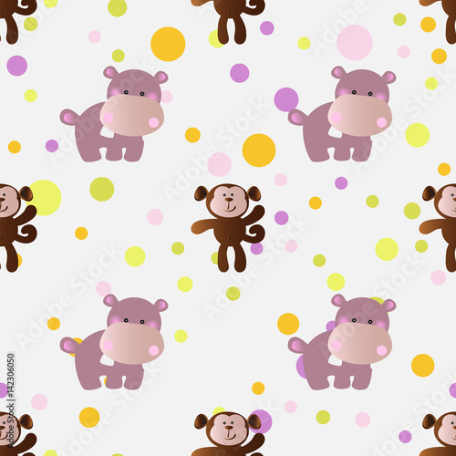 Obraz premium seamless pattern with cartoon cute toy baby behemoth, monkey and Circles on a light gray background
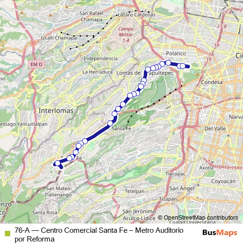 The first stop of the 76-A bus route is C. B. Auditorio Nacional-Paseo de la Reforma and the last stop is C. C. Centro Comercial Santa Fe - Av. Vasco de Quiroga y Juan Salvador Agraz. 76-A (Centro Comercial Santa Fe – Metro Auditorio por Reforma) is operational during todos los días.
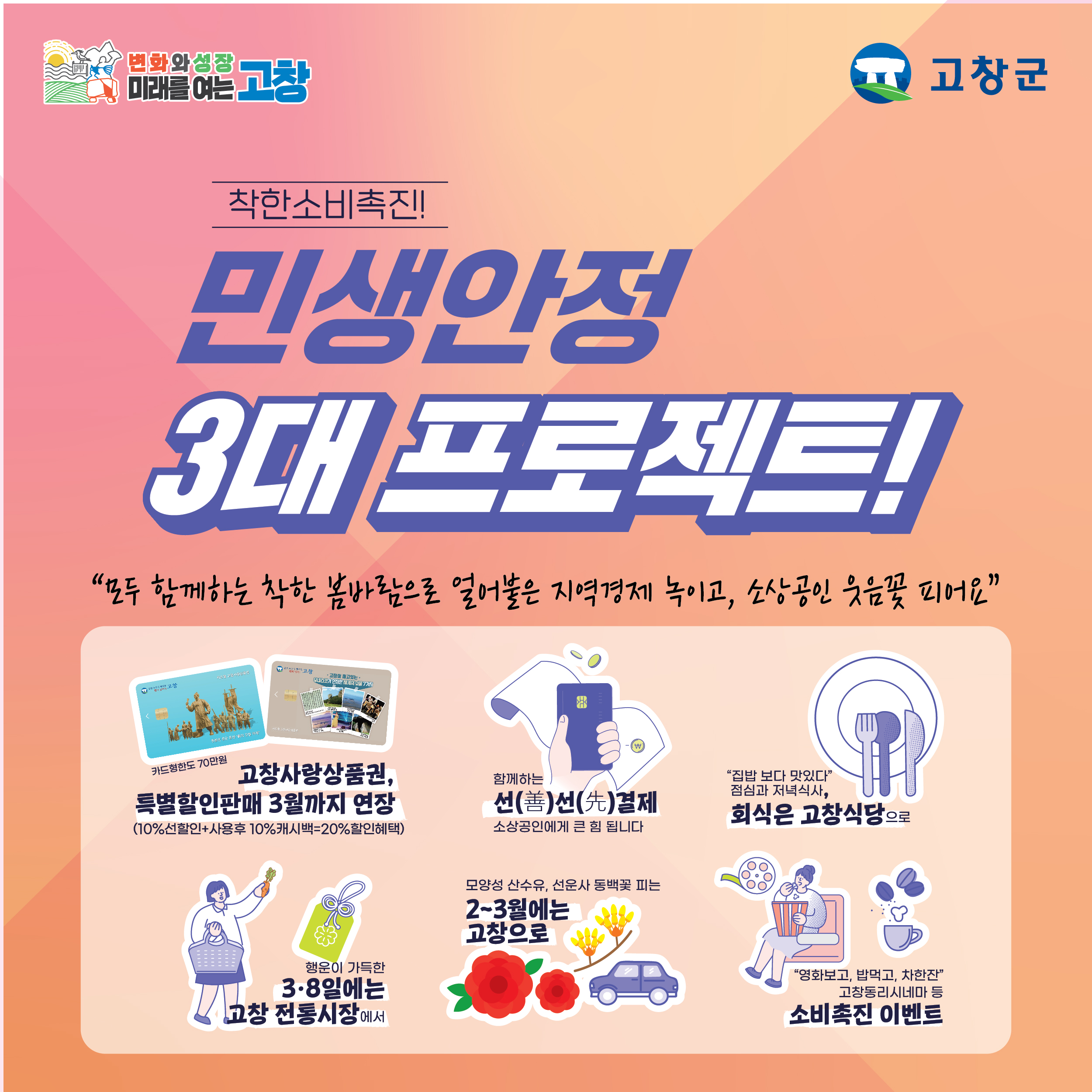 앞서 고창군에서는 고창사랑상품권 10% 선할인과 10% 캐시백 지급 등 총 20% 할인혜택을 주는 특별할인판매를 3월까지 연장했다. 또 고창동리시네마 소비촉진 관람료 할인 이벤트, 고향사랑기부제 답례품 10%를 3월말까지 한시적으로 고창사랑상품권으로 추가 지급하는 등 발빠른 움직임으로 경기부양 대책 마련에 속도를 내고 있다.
==
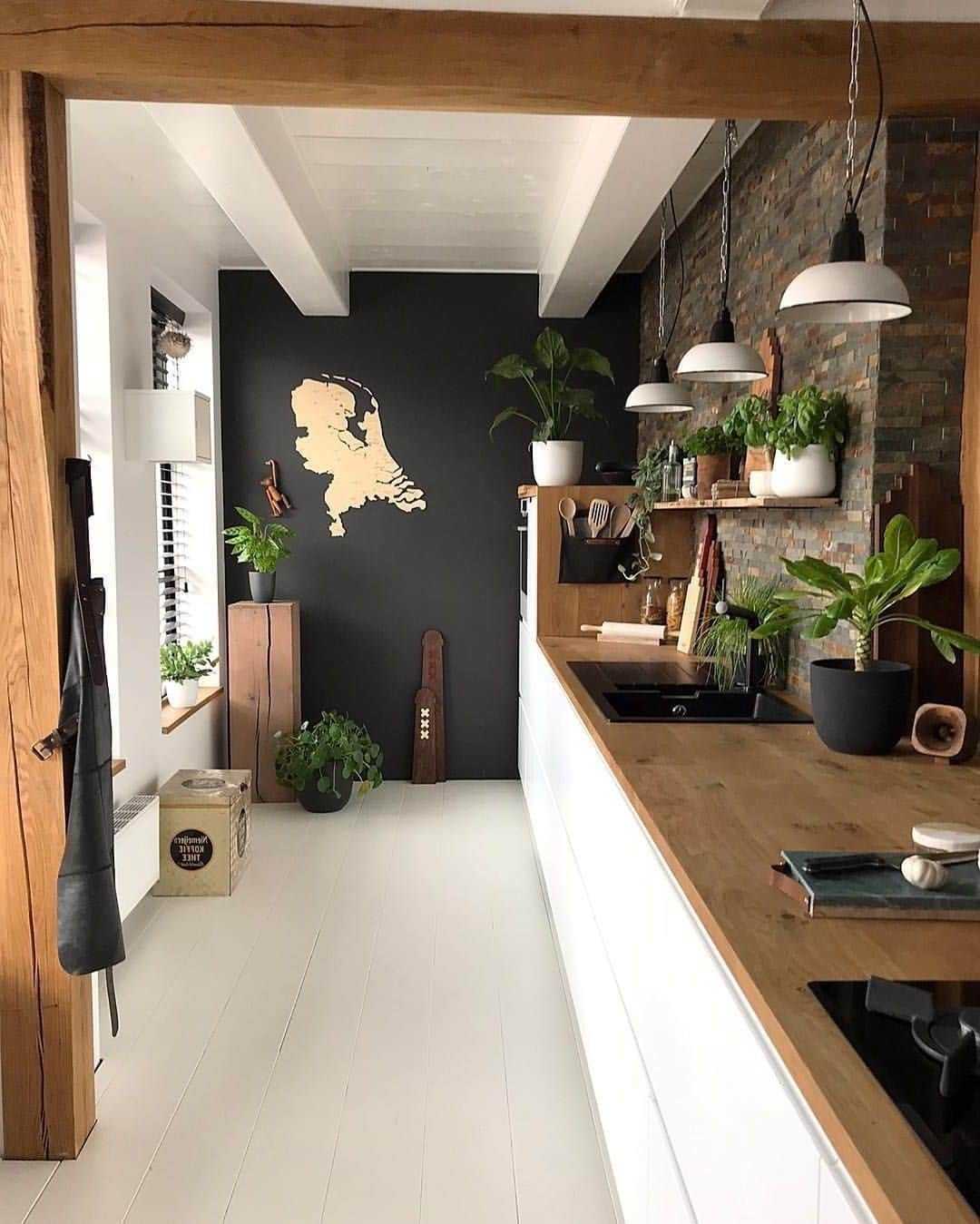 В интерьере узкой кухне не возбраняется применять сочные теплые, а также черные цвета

EXERCISE DETAILS: Starting with the line that has "Obraz premium seamless" and going on through the line that has "The first stop", transcribe the records above exactly, but skip the pictures.

ANSWER TO THIS EXERCISE:
 Obraz premium seamless pattern with cartoon cute toy baby behemoth, monkey and Circles on a light gray background
 The first stop of the 76-A bus route is C. B. Auditorio Nacional-Paseo de la Reforma and the last stop is C. C. Centro Comercial Santa Fe - Av. Vasco de Quiroga y Juan Salvador Agraz. 76-A (Centro Comercial Santa Fe – Metro Auditorio por Reforma) is operational during todos los días.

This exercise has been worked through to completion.